A Visit With Doctor Comic-Book-Guy

So, yes, I am sick. Very sick. My temperature of 101.4 had escalated to 104.0 this morning. It stayed there until my eary afternoon appointment with Doctor Comic-Book-Guy. He took a reading of his own: “103.8, huh? That’s not good. Let me see your throat. OUCH!” Ouch indeed.

I was pleased that he didn’t simply say, “It looks like you have a virus. It’ll take about three to five days to run its course. Get as much rest as you can and drink plenty of fluids.”

Instead he said, “Well, this may just be a virus, but with such a high temperature, you could have an infection, too. I’m going to write you a prescription for azithromycin. It’s great stuff. If a bacterial infection is making you sick, this will take care of it. If you have a both a virus and an infection, this will take care of part of it.” He paused for a moment and thought. “Of course, it could just be a virus, in which case the azithromycin won’t do anything, but it won’t hurt to take it.”

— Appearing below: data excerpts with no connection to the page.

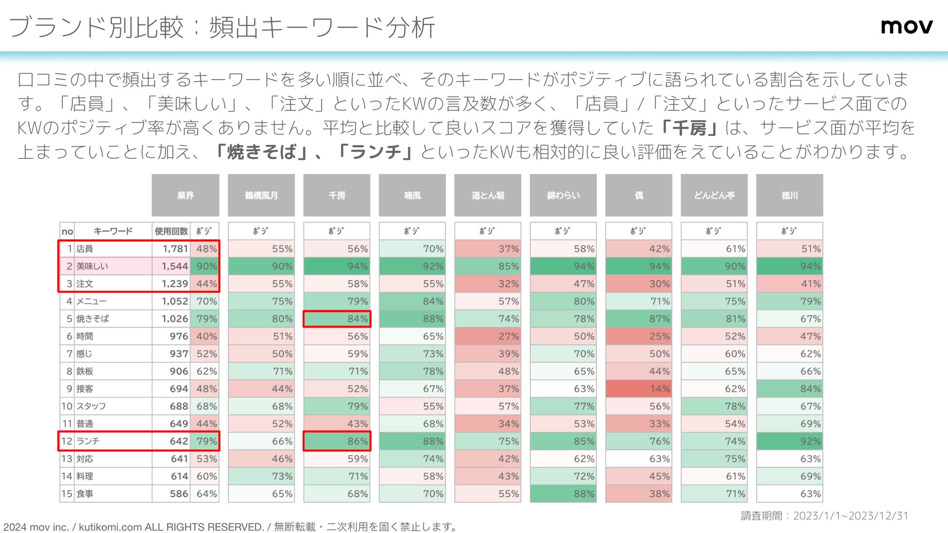 平均と比較して良いスコアを獲得していた「千房」は、サービス面が平均を上回っていることに加え、「焼きそば」、「ランチ」といったKWも相対的に良い評価を得ていることがわかります。
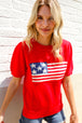 American Flag Print + Short Puff Sleeves + Jacquard Knit
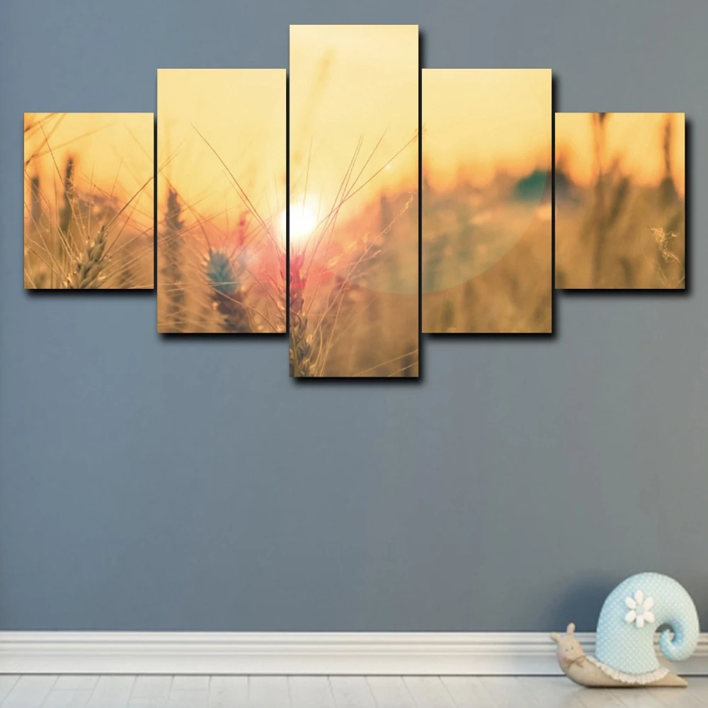Laeacco пшеницы в Sunse Холст 5 Панель классического синего неба настенные художественные плакаты и принты дома Гостиная Ванная комната украшения
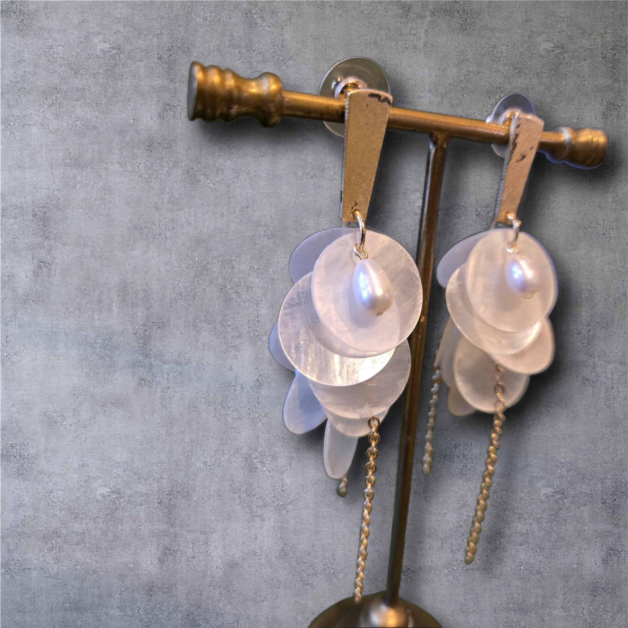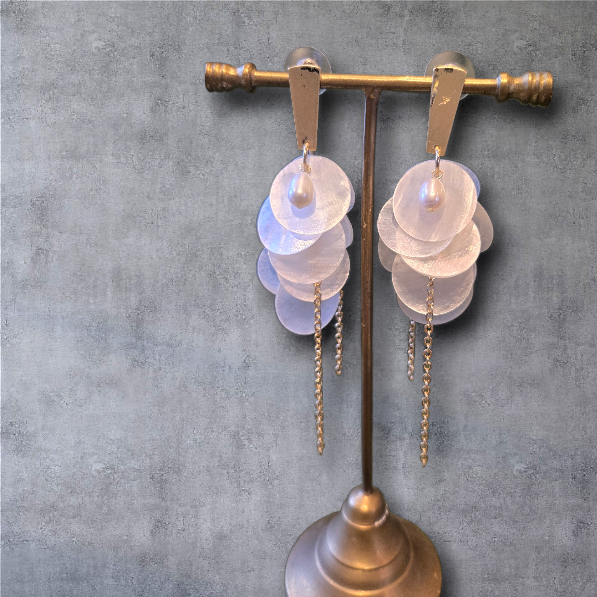 耳の横で軽く揺れる可愛いシェル風コインプレートが可愛い。

I coughed, and then gasped with pain.

“Oh yeah,” said Doctor Comic-Book-Guy. “Take some vicodin for that cough and sore throat.”

I was too disoriented to argue.

I make the drive between Canby and Oak Grove at least ten times a week. Today it took tremendous concentration. I clasped the steering wheel and locked my eyes on the road. I drove slowly. Fortunately, the vehicle in front of me was also driving slowly. I wondered if the driver was also suffering from a high fever and dizziness.

I took the prescriptions to the Safeway pharmacy, and then wandered the store in a daze. I wanted apple sauce, but for some reason I couldn’t remember where the apple sauce might be. I did, however, find the gelatin and pudding aisle. I thought about picking up some cook’n’serve stuff, or some tapioca, but then I noticed that the pre-packaged puddings were on sale at Ten for $10. (That’s a dollar a piece for those of us not living in la-la supermarket pricing land.) Each package contained four pudding cups, yielding a total cost of only 25 cents per cup. And each cup only had 80 calories. In my fevered state, I felt like I’d found the promised land! I loaded my basket: chocolate, chocolate fudge, banana cream, lemon meringue, tapioca, tapioca, tapioca. When I had finished I noticed an old man standing next to me, staring at my basket full of pudding. I smiled wanly and made my way to the dairy department.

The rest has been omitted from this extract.